From a broader viewpoint, we now have solid cases of news orgs being treated, as an entity, as good web citizens. Consider the huge audience and resonance of Serial — the show interacts with its Internet response with remarkable skill. Yet it, too, has a very sharp edge to it, as the first season’s story concludes possibly unsatisfactorily. One wrong move could trigger a terrifying audience response, with serious, lawyer-asked questions about journalistic culpability.
In 2015, I’d love to see us discuss our reporting on Internet reactions and how disingenuous or bombastic the next case will be, as people test the edges of what we’ll quote. I would like to see us seriously consider the relationship between little-t trollish “I dare you to say X” actions and how it can metastasize into capital-T Trolling and severe digital harassment.

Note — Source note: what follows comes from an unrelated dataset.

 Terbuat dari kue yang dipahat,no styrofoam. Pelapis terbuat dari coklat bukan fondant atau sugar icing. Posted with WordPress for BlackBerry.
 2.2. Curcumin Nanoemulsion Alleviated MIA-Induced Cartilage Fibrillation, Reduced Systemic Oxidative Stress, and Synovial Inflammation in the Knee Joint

By the end of 2014, the debate about incompatible cultures and language between tech dogma and journalistic tradition took center stage within the analysis of The New Republic’s revolt. And Aaron Kushner’s reversals at The Orange County Register. And my own paper’s Innovation Report and editorial upheavals. Also NPR’s shifting executives. And Bezos’ Washington Post. And Andreessen Horowitz’s venture investment in BuzzFeed — and so forth, etc.

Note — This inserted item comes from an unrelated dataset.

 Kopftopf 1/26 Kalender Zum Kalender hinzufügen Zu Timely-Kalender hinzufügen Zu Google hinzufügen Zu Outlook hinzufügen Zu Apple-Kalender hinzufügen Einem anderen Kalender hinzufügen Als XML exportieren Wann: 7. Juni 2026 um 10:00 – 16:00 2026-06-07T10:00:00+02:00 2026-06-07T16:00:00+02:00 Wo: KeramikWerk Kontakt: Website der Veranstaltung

I’m a member of a newsroom development team. Tech’s buzzwords and maxims are my original professional vocabulary — they can indeed be ridiculous. Those of us blending both cultures understand that reaction, and we can go much deeper in making fun of it. We can recursively run that joke on the command line.
But dismissing the point or the person in full because of buzzwords is denial. Calling it a justified backlash is an offensive gesture towards news staff who run the servers, write the software, hack the CMS, wrangle endless smartphone variations, promote news on ever-shifting tech platforms, and scramble to meet deadlines far more arbitrary than the tech industry itself.
That’s electing to use a meat cleaver as a nail trimmer. The same bingo drinking-game template works for tech’s back-patting and journalism’s navel-gazing. Journalism indulges its own buzzwords, dogma, and secret-handshake crap. And both industries would happily do away with “storytelling” or “disruption,” words diced and drained of any meaning by trite overexposure.
I hope 2015 will see us discussing myopic business tactics and debating half-baked, Hail Mary ideas. However, I expect we’ll jump to debating the backlash to the backlash — or, if tech comes out on top, the forked backlash. And we’ll all cringe at the metaphor-bursting point where we find ourselves with a meta-backlash.
Tiff Fehr is a data journalist at The New York Times.